SVOLGIMENTO DEL PROCESSO
Indirizzo_1 Ricorrente_1 ha proposto ricorso avverso l'avviso di accertamento n. 112401544609 con il quale sono state liquidate la TA e la FA dovute per l'anno 2021, in relazione all'immobile sito in Roma, Indirizzo_2.
A fondamento del gravame, la ricorrente ha dedotto che le somme pretese dall'amministrazione sarebbero state già integralmente versate.
La ricorrente ha quindi chiesto l'accoglimento del ricorso, con il favore delle spese di lite.
Roma Capitale è rimasta contumace.
MOTIVI DELLA DECISIONE
2. Il ricorso non può trovare accoglimento.
Ricorrente_1 ha proposto ricorso avverso l'avviso di accertamento n. 112401544609, con il quale Roma Capitale ha liquidato la TA e la FA dovute per il periodo decorrente dal 1.01.2021 sino al 31.12.2021, per l'immobile sito in Indirizzo_2, distinto al catasto al foglio Dati catastali, in relazione ad una superficie assoggettabile a TA pari a 97 mq e a 3 occupanti l'immobile.
L'utenza TA per il quale è preteso il pagamento è contraddistinta dal n. 0003205805 e risulta cessata in data 31.12.2021.
Gli importi liquidati da Roma Capitale sono pari ad euro 415,23 a titolo di TA dovuta per l'anno 2021 e pari ad euro 460,01 a titolo di sanzione per omesso versamento dell'imposta, oltre spese di notifica, per un importo complessivo di euro 883,00.

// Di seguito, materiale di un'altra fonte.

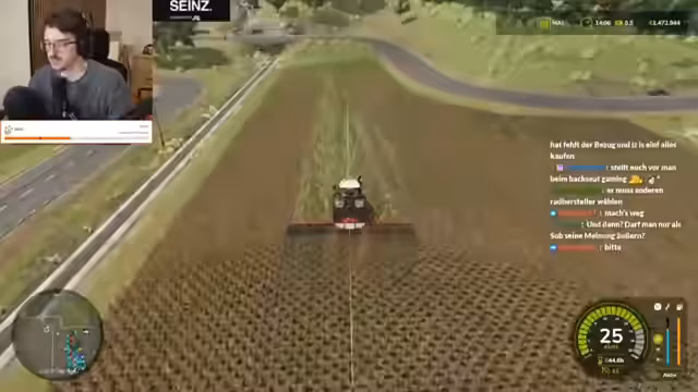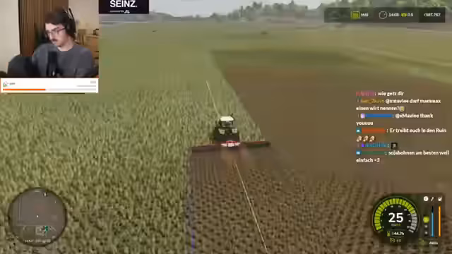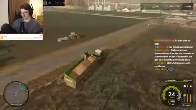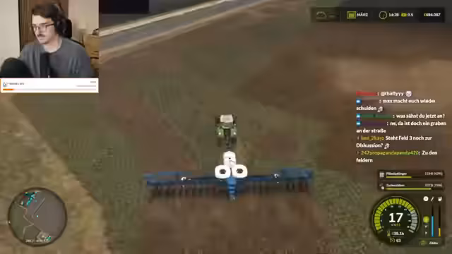09:33:38Die Konzentration liegt wieder auf dem Landwirtschaftssimulator, wo erfolgreich Sonnenblumen gepflanzt und gedüngt wurden. Der Streamer plant, sich vom Spiel zurückzuziehen, ist aber von der anstehenden Ernte begeistert. Es wird über die Effizienz von Maschinen gesprochen und ein Drescher wird positioniert. Die lange Erndauer führt zu einem philosophischen Austausch über den idealen Schlafrhythmus und die Balance zwischen Stream-Zeiten, persönlichen Verpflichtungen und der Notwendigkeit, online präsent zu bleiben, um Zuschauer zu binden.

A corredo delle proprie deduzioni difensive la ricorrente ha prodotto una ricevuta attestante il pagamento in data 2.11.2023 della diversa somma di euro 868,50, di cui euro 2,50 versate a titolo di commissione.
La ricevuta di pagamento risulta imputata al documento tari n. 112302294140.
Il documento, che risulta prodotto in atti, ha ad oggetto la tari dovuta per il periodo decorrente dal 1.10.2021 sino al 31.12.2023, per l'immobile sito in Indirizzo_2, del quale non sono indicati gli estremi catastali, in relazione ad una superficie assoggettabile a TA pari a 100 mq e a 4 occupanti l'immobile.
L'utenza TA per il quale è preteso il pagamento è contraddistinta dal n. 0003010039 e risulta intestata a tale Nominativo_1, al quale è indirizzato il documento.
Non risulta quindi documentato alcun pagamento riferibile al periodo decorrente dal 1.01.2021 al 30.09.2021.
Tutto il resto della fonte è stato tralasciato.